It's all about the music-well, not really....
Andrew Sullivan pointed me to this
article about pressure from Craig David's advisors for him to drop his white guitarist to appeal to the urban demographic. The article talks about how segregated American music is, and that's totally true. The irony being that the music scene tends to be dominated by "progressives."

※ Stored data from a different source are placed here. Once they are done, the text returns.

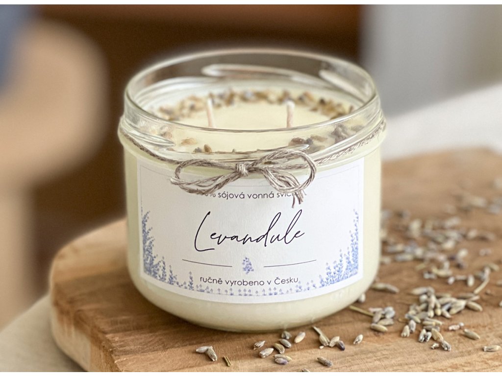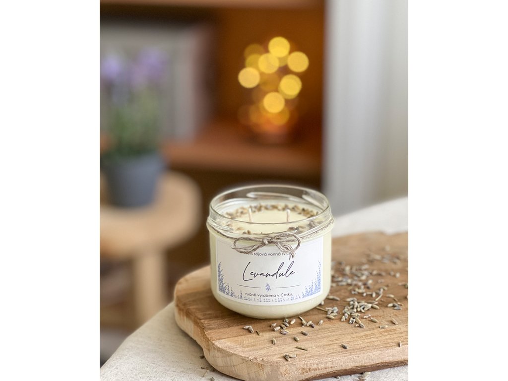 100% přírodní sójová dekorativní svíčka ve 200 ml skle s vůní levandule, okrasným zdobením, dvěma knoty, víčkem a dobou hoření více než 50 hodin.
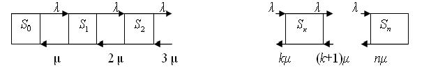 требование, поступившее в момент занятости всех каналов, становится в очередь и ожидает, когда освободится один из них. Пример – магазин, касса.
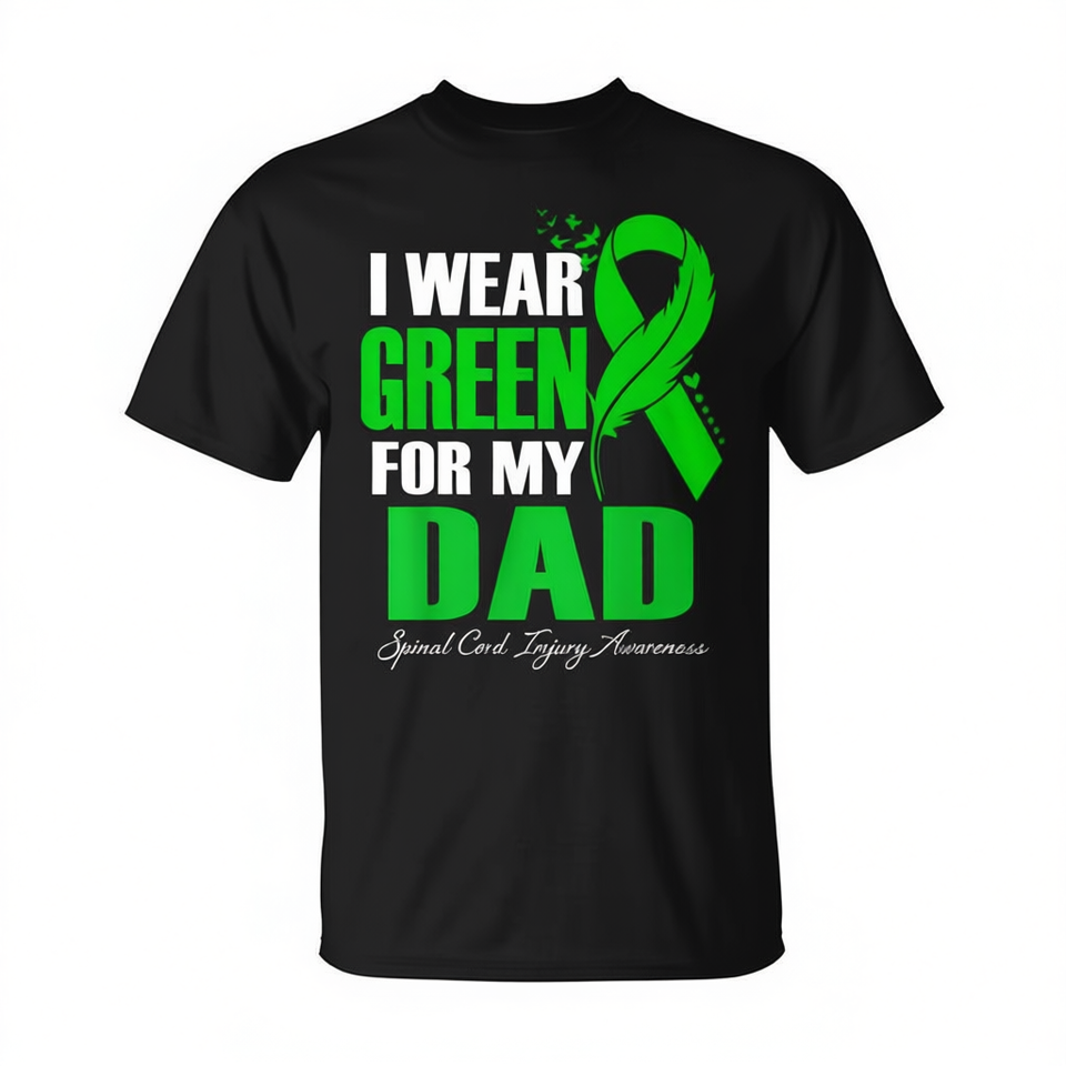 I Wear Green For My Dad Spinal Cord Injury Awareness T-Shirt Adult Unisex Short Sleeve Crew Neck Silk Screen Printing
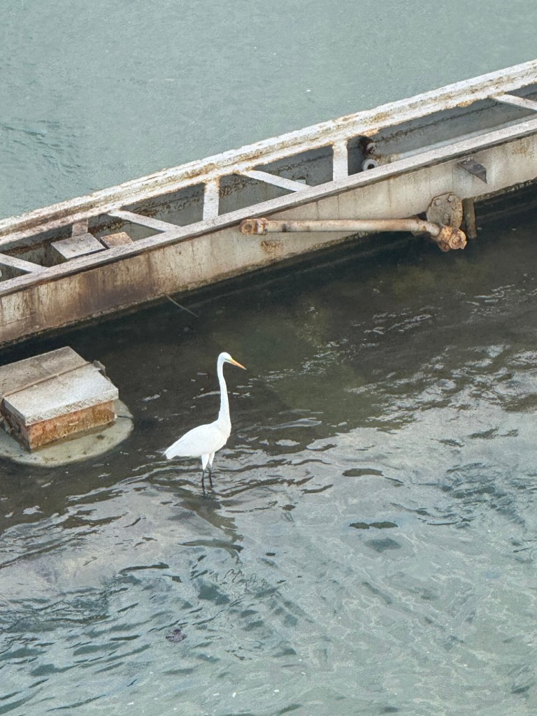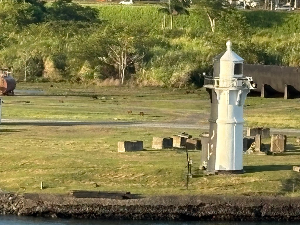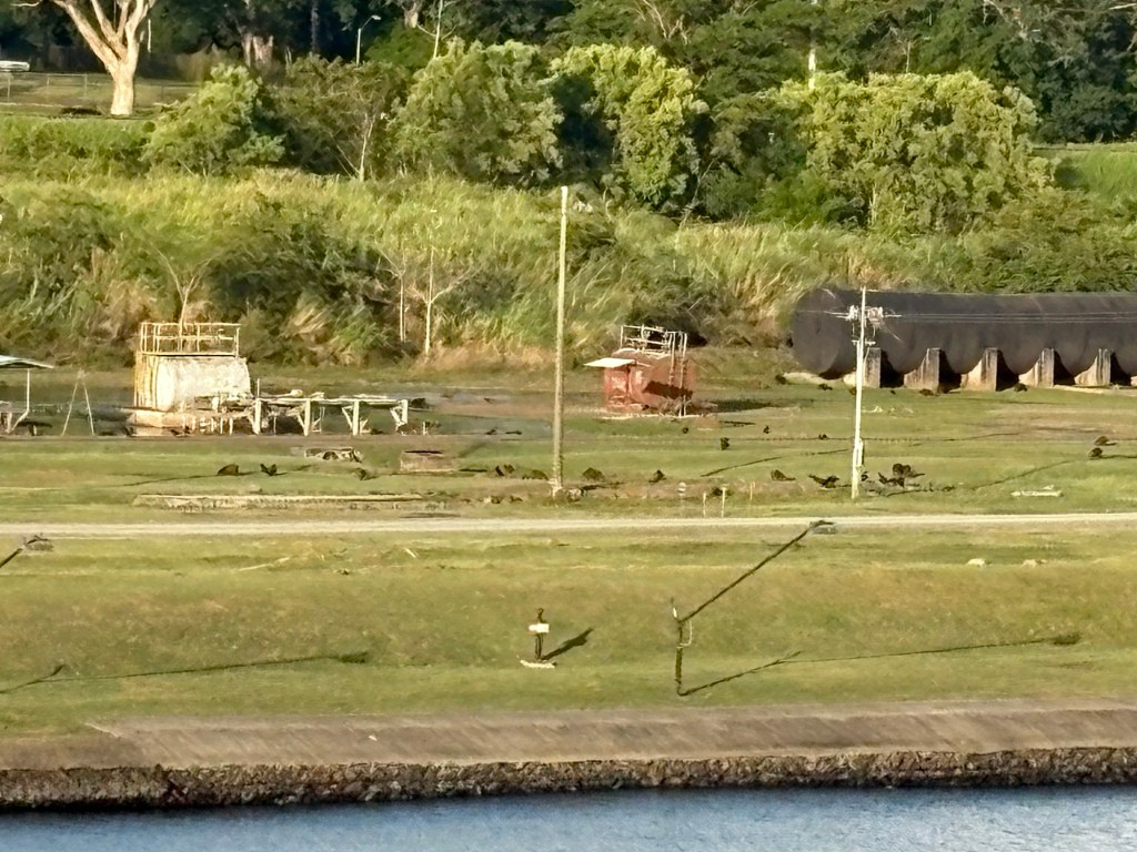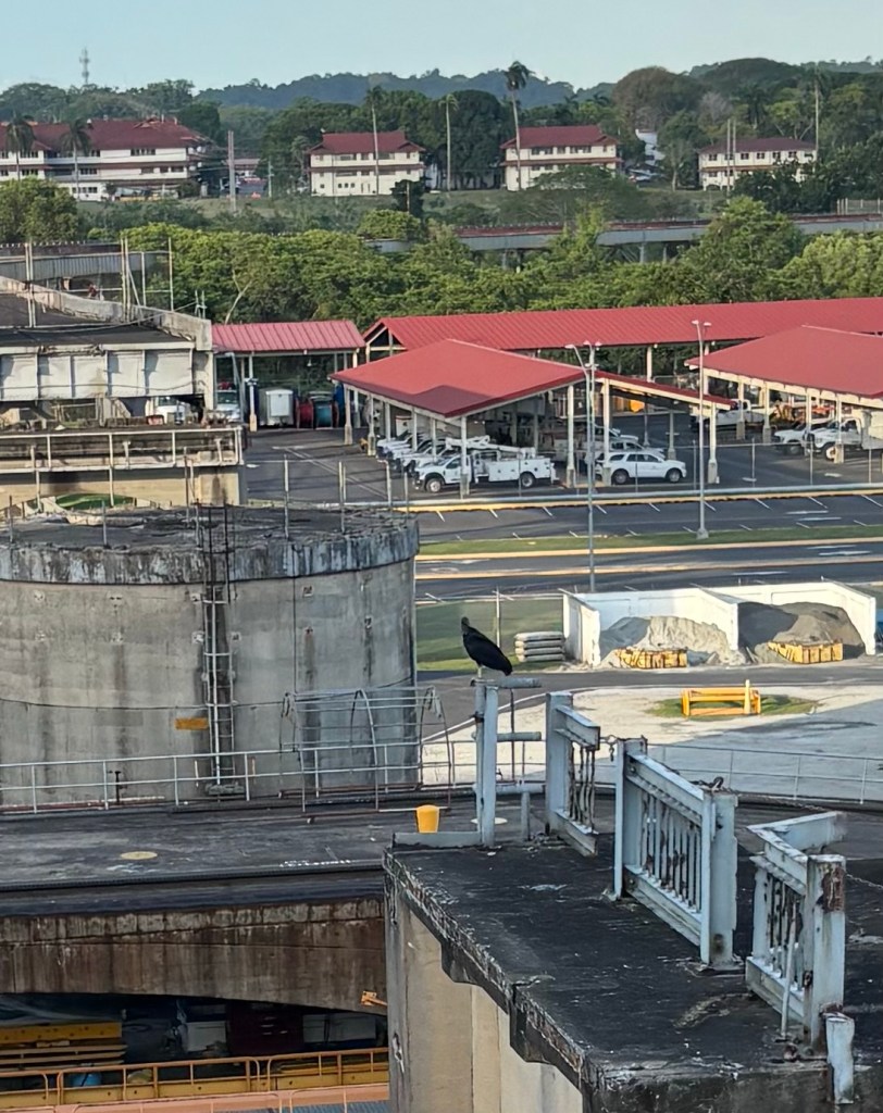 There are two locks in this part of the canal that lowered us from Miraflores Lake to the final section of our crossing in the canal. It was fascinating to see that each lock area we entered had viewing stands for the public to sit and watch ships go by with guides announcing what was happening in the lock process, and some had food stands and other entertainment, including an IMAX movie theater! On this leg there was a field full of deer grazing right near the canal. We were also amused by a heron who was fishing on the lock wall right by our ship. Imagine his surprise when the water level (aka his dinner plate) decreased by 32 feet!
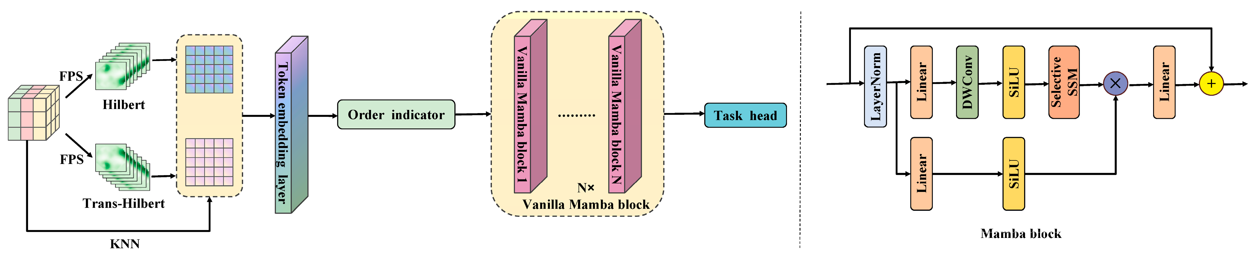 38] and Trans-Hilbert, to scan the key points, thereby preserving spatial localization effectively. Based on this, K-nearest neighbors (KNN) is applied to generate point patches, which are subsequently fed into the token embedding layer to produce serialized point tokens. To efficiently handle the inherently disordered structure of point clouds, a reordering strategy is applied to the point tokens, providing a more geometrically coherent scanning order. The reordered tokens are then input into an encoder composed of stacked Mamba modules [

When I was a freshmen in college, one of my neighbors in the dorms was a big fan of the tail-end of the Seattle Sound (late 95ish, think
Smashing Pumpkins). He didn't really like rap and R&B too much. He wasn't a snob about it, but his preferences were clear. Then one day, I saw that he had a
Beasty Boys CD in his collection. I know that the
Beasty Boys "transgress" (as the PoMos would say) the boundaries between rap & rock, but I asked my friend why he listened to them when he had absolutely no interest in anything else that smelled of rap. I was curious as to whether it was because they were white. My friend became very angry, but he didn't quite deny it. Not that the shoe can't be on the other foot, the lead singer of
Hootie & the Blowfish (not my type of music, but they sell, or used to) is black and gets shit from his peeps for playing rock in a white band. With bands like
Korn and
Limp Bizkit breaking down the barriers between rap and rock-race is a better indicator of a band's genre than any substantive musical style.
The key here is that "Eric and Erica" (as in the white kids that love Eminem) take race into account in making quick purchases. On the other and, they go through a battery of sensitivity and indoctrination in PC that inoculates them to the charge of racism and tends to make them point the finger at others, those much less enlightened and more likely to make a racial "party-foul." That's the biggest problem with today's attitude toward race-it's all about surface dynamics. But remember the formula for a boy band: Two bothers, a heart-throb, a bad-boy and a Hispanic guy. Black's need not apply, unless it's a black boy band (one of the guys in
O-Town is half-black, but he could pass as Latino if he wore a hat).